Son venin, comme pour plusieurs autres espèces australiennes, est complexe et couvre une série d’effets différents sur l’organisme. La neurotoxicité, qui peut causer la mort par paralysie des muscles respiratoires suivie d’asphyxie, est causée vraisemblablement par une toxine pré-synaptique qui, donc, entrave le relâchement des neurotransmetteurs, alors que les toxines post-synaptiques d’autres espèces entravent la connexion des pré-mentionnés neurotransmetteurs aux récepteurs de la plaque réceptrice, avec un effet similaire.
L’action paralysante sur le système nerveux n’est pas la seule cause de décès en cas d’une morsure avec poison.
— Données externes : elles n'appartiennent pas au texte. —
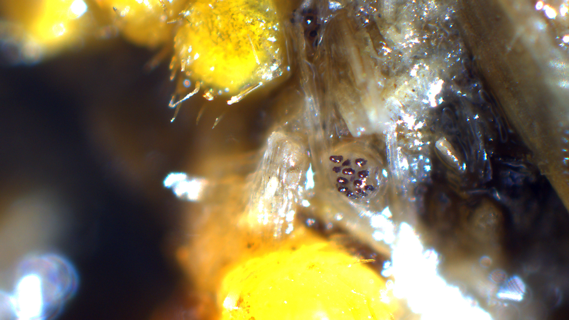 beim Mikroskopieren der Borstlinge fielen mir auf der Dungprobe weiter Pilze auf, u.a. die nun folgenden Kotlinge. Sie zu fotographieren war nicht so einfach, da ich nur eine Plastikbilligstereolupe habe. So habe ich es mit Auflicht mit dem Mikroskop versucht. Darunter habe ich dann auch versucht, einen mit der Pinzette zu erwischen, was ebenfalls nicht so einfach war. Bei dem, was ich fotografiert habe, bin ich natürlich auch nicht sicher, ob das nun alles zu einer Art gehört.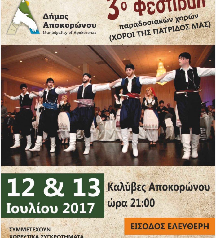 This is a two-day festival organized by the Municipality of Apokoronas with collaboration of dance clubs from all over Greece, within the framework of the CULTURAL SUMMER 2017 events.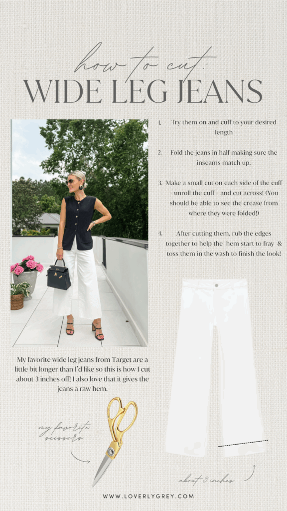 Hi friends! I’ve got a fun and crafty blog post for you today. Who doesn’t love a good DIY, especially one that adds a stylish, personalized touch to your wardrobe? Today, I’m showing you my favorite way to cut wide-leg jeans for that perfectly cropped look. I recently snagged a pair of jeans from Target that were just a bit too long, so I decided to give them a quick DIY hem. I’ll walk you through my simple, tried-and-true steps to get that effortless raw hem without ruining your jeans!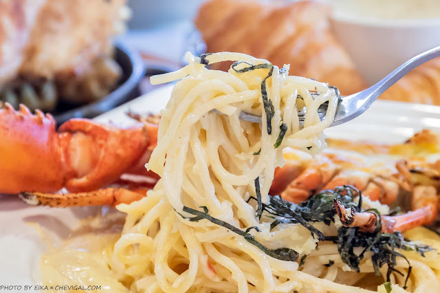如果愛吃白醬又愛焗烤的你們,肯定不要輕易錯過這盤也很霸氣的義大利麵~香濃的義大利麵表面躺著半隻波士頓龍蝦,幾乎佔據了半個盤面,吸睛度毫不遜色!

Le venin a aussi une action hémorragique et une action cytotoxique. Une phospholipase A2 semble être la cause du syndrome hémorragique à travers l’inhibition de l’agrégation des plaquettes, et une phospholipase B la cause de l’hémolyse (rupture de la membrane des globules rouges). En plus, il y a aussi une certaine action cytotoxique, qui peut causer la nécrose, même si elle est moins importante que celle due aux venins de certains vipéridés.
Pour finir en beauté, il semble qu’il y ait aussi une mycotoxine qui peut causer une myolyse (destruction des fibres musculaires) accompagnée d’une douleur musculaire conséquente, des urines foncées dues à la microglobinurie (apparition de myoglobine, une protéine des muscles) et une possible insuffisance rénale.
Le sérum qui peut être efficace pour traiter ces empoisonnements pas Austrelaps est le même que contre le serpent-tigre, d’ordinaire à un dosage initial de 3000 unités (comme pour Notechis scutatusle le serpent-tigre commun), alors que la dose initiale, en cas de morsure de l’énorme serpent-tigre de l’île Chappell (Notechis aterserventyi) est de 12 000 unités.
Noms communs : anglais : Australian copperhead ; allemand : Australische Kupferköpfe.